The records must be retyped exactly, with no pictures included.

Stored data -
□ □ □
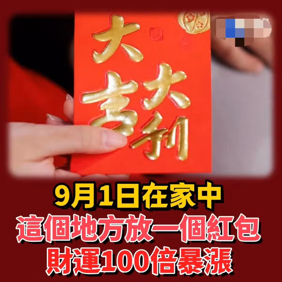 風水師偷偷透露:9月1日在家中這個地方,放一個紅包,竟能讓財運100倍暴漲,好運一路旺到年底!
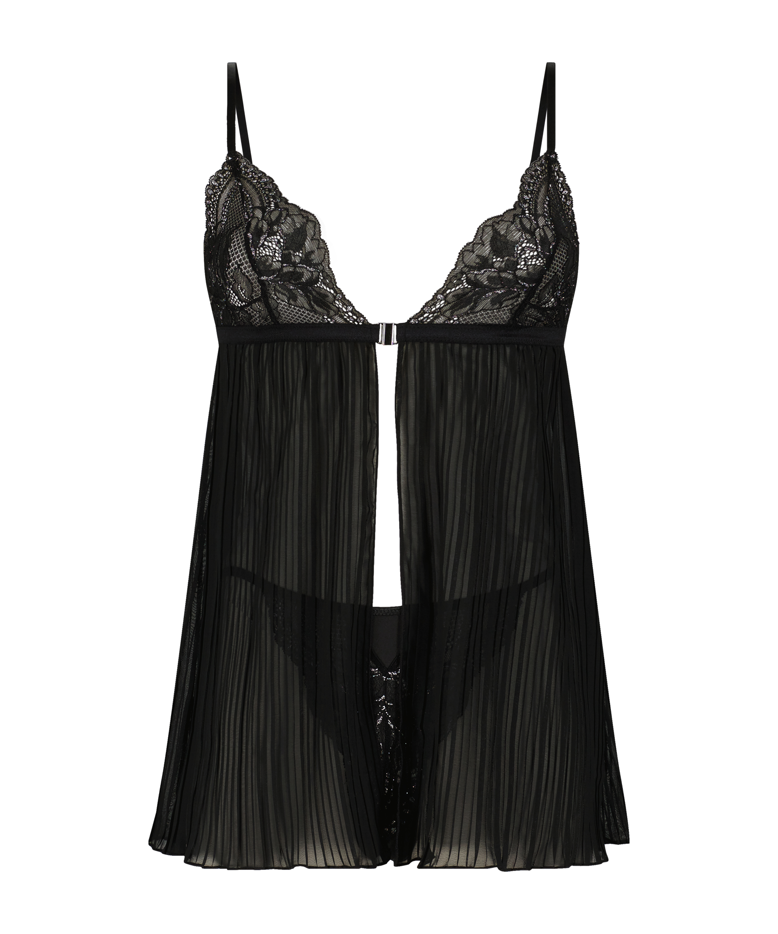 Sett et glamorøst preg på undertøysgarderoben din med denne vakre blonde babydollen! De luksuriøse blondene med sølvfargede detaljer og justerbare stropper er denne sexy babydollen en drøm å gli inn i. Den lukkes foran og kommer med en matchende brazilian-truse.
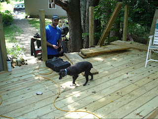 Here are some pictures of the deck Aaron has been working on for Jack and Rita, he is almost finished and it's looking great :) Ian and I were out there yesterday and Ian got to play with the doggies, he loves going out to Grandpa & Grandmommie's house :)
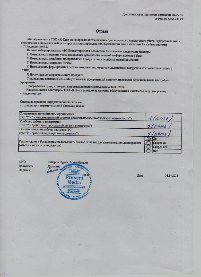 Внедренное решение: ТОО "Present Media" автоматизировал бухгалтерский и налоговый учёт на базе ПП "1С:Бухгалтерия 8 для Казахстана"
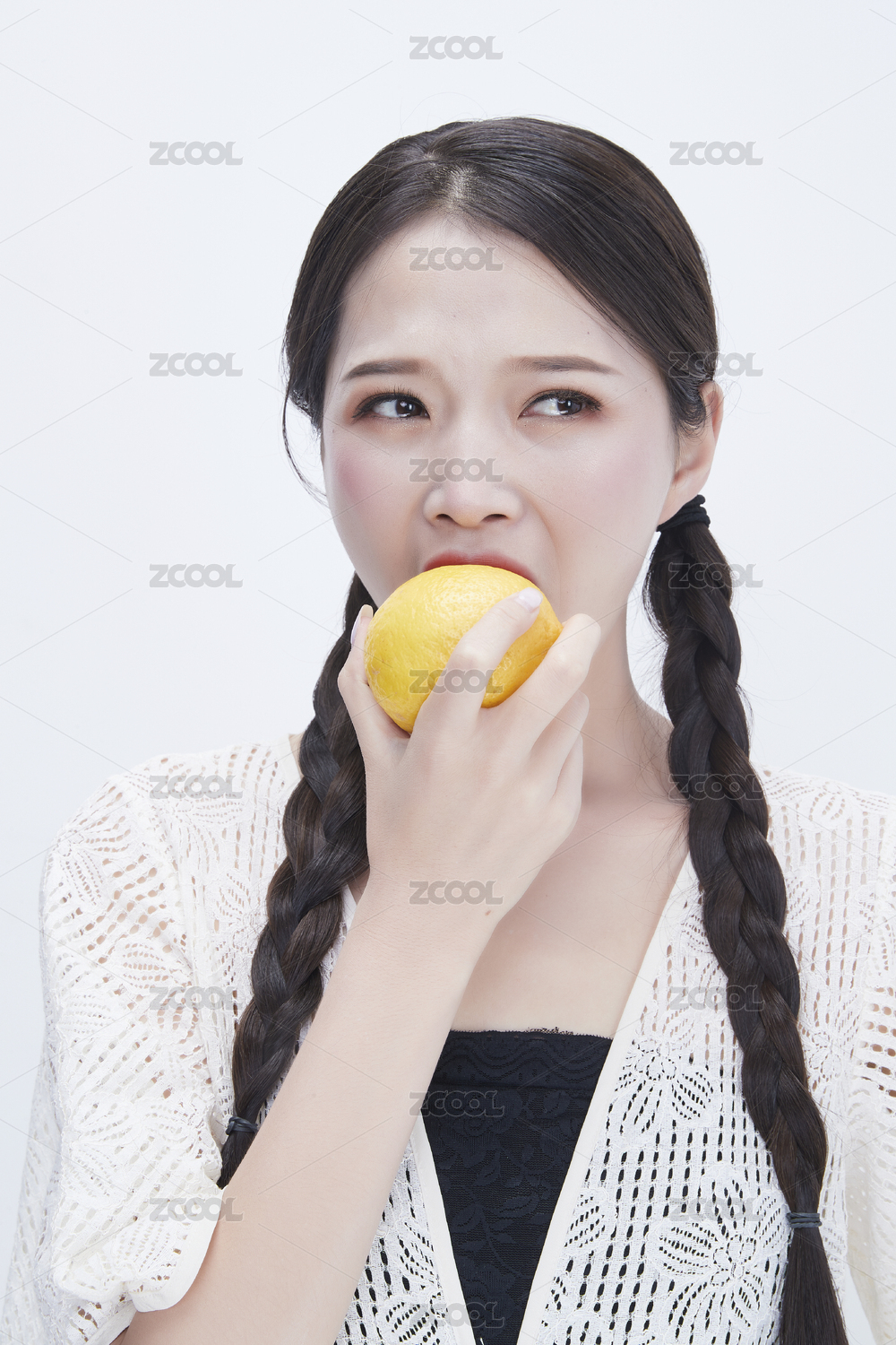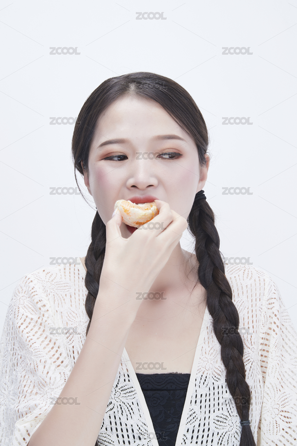 吃橙子被酸到的身穿镂空连衣裙可爱少女人像
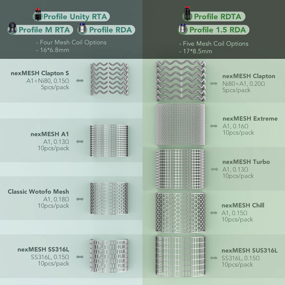 Tips: To cater to more vapers, 3 options of mesh coil have been included:nexMESH CHILL, nexMESH TURBO, and nexMESH EXTREME.Please note that the new mesh is not interchangeable with the original Profile RDA mesh in that its 1.4 times the area of the original one.
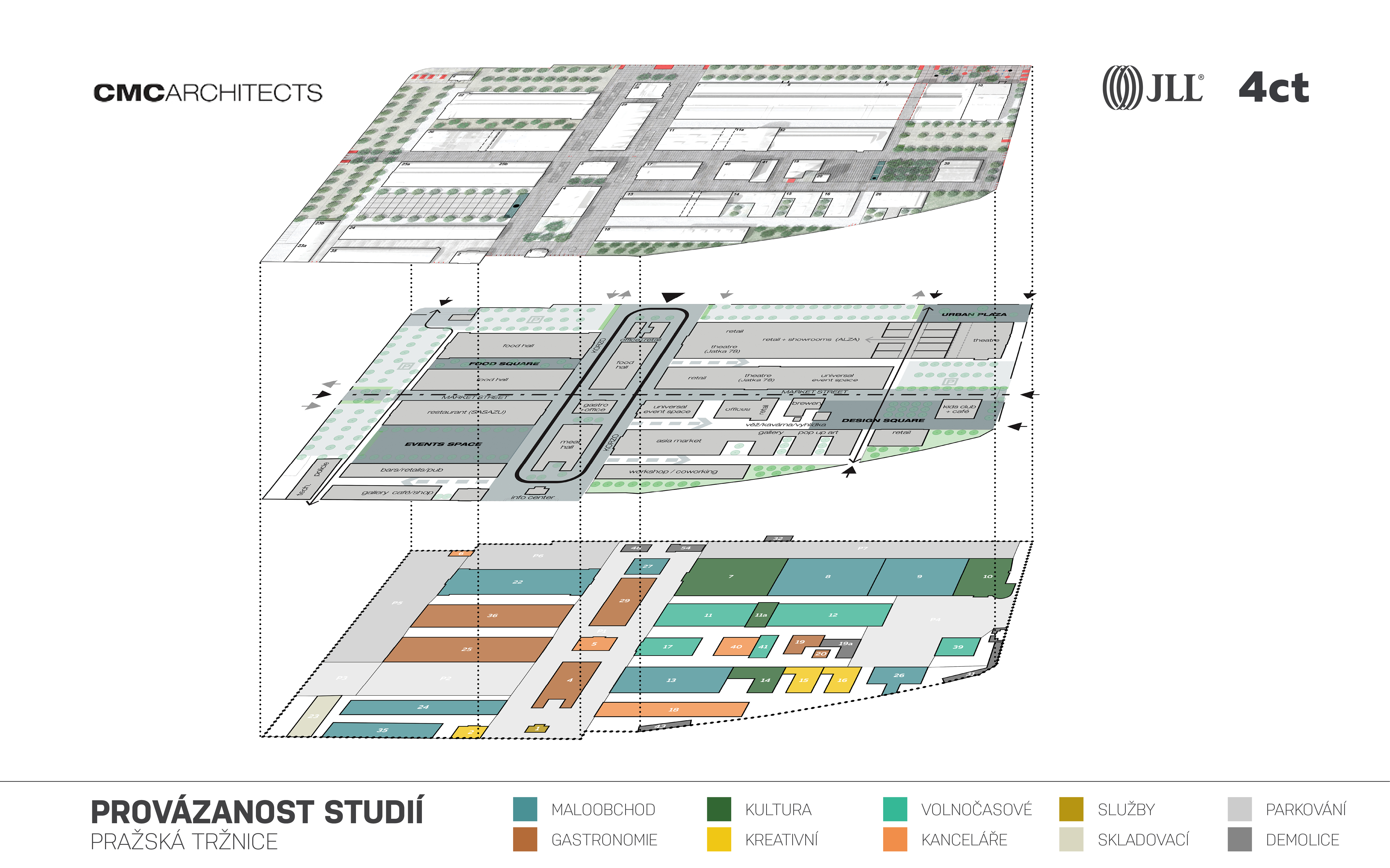 „Vytyčeného záměru revitalizace Pražské tržnice chceme dosáhnout pomocí urbanistické studie. Ta jasně organizuje provoz areálu, hierarchizuje veřejná prostranství, zachovává industriální charakter místa a zároveň poskytuje atraktivní prostory pro nové využití a nové nájemce tak, aby svou nabídkou oslovili a přilákali širokou škálu návštěvníků,“ uzavírá architekt Vít Máslo, spoluzakladatel studia CMC architects.
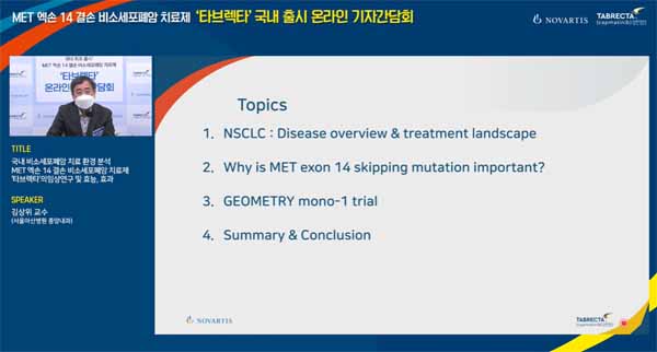 한국노바티스는 12일 국내 처음 출시된 MET 엑손 14 결손 비소세포폐암 치료제 '타브렉타(성분명 카프마티닙)'의 온라인 기자간담회를 개최했다.
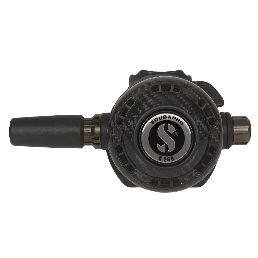 This premium system features SCUBAPRO's MK19 EVO, finished in a special ultradurable Black Tech coating, along with an upgraded version of SCUBAPRO's most popular tech diving second stage, the G260. While retaining its large diaphragm, internal metal components and high-flow exhaust valve for excellent breathing sensitivity and resistance to freezing, the G260 Carbon BT ratchets up its ruggedness and durability with the addition of a carbon fiber front cover.
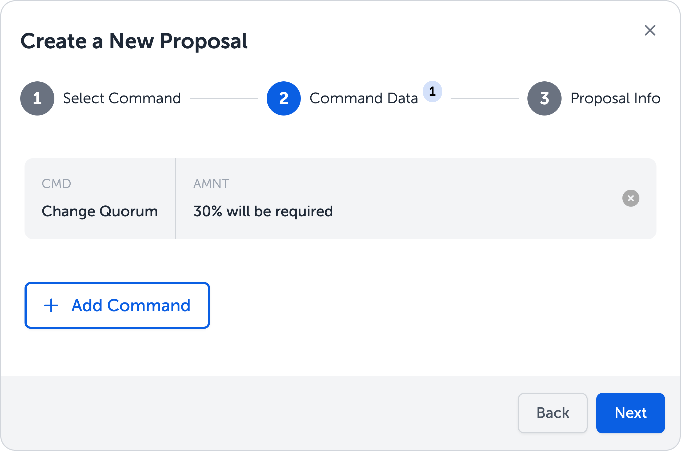 Each command requires a different set of inputs. Depending on the command type, this may be a wallet address (if you are sending ETH) or a quorum percentage (if you are updating quorum requirements). For more details on the input required on each command, please refer to this page.
□ □ □
Solved problem -
 風水師偷偷透露:9月1日在家中這個地方,放一個紅包,竟能讓財運100倍暴漲,好運一路旺到年底!
 Sett et glamorøst preg på undertøysgarderoben din med denne vakre blonde babydollen! De luksuriøse blondene med sølvfargede detaljer og justerbare stropper er denne sexy babydollen en drøm å gli inn i. Den lukkes foran og kommer med en matchende brazilian-truse.
 Here are some pictures of the deck Aaron has been working on for Jack and Rita, he is almost finished and it's looking great :) Ian and I were out there yesterday and Ian got to play with the doggies, he loves going out to Grandpa & Grandmommie's house :)
 Внедренное решение: ТОО "Present Media" автоматизировал бухгалтерский и налоговый учёт на базе ПП "1С:Бухгалтерия 8 для Казахстана"
 吃橙子被酸到的身穿镂空连衣裙可爱少女人像
 Tips: To cater to more vapers, 3 options of mesh coil have been included:nexMESH CHILL, nexMESH TURBO, and nexMESH EXTREME.Please note that the new mesh is not interchangeable with the original Profile RDA mesh in that its 1.4 times the area of the original one.
 „Vytyčeného záměru revitalizace Pražské tržnice chceme dosáhnout pomocí urbanistické studie. Ta jasně organizuje provoz areálu, hierarchizuje veřejná prostranství, zachovává industriální charakter místa a zároveň poskytuje atraktivní prostory pro nové využití a nové nájemce tak, aby svou nabídkou oslovili a přilákali širokou škálu návštěvníků,“ uzavírá architekt Vít Máslo, spoluzakladatel studia CMC architects.
 한국노바티스는 12일 국내 처음 출시된 MET 엑손 14 결손 비소세포폐암 치료제 '타브렉타(성분명 카프마티닙)'의 온라인 기자간담회를 개최했다.
 This premium system features SCUBAPRO's MK19 EVO, finished in a special ultradurable Black Tech coating, along with an upgraded version of SCUBAPRO's most popular tech diving second stage, the G260. While retaining its large diaphragm, internal metal components and high-flow exhaust valve for excellent breathing sensitivity and resistance to freezing, the G260 Carbon BT ratchets up its ruggedness and durability with the addition of a carbon fiber front cover.
 Each command requires a different set of inputs. Depending on the command type, this may be a wallet address (if you are sending ETH) or a quorum percentage (if you are updating quorum requirements). For more details on the input required on each command, please refer to this page.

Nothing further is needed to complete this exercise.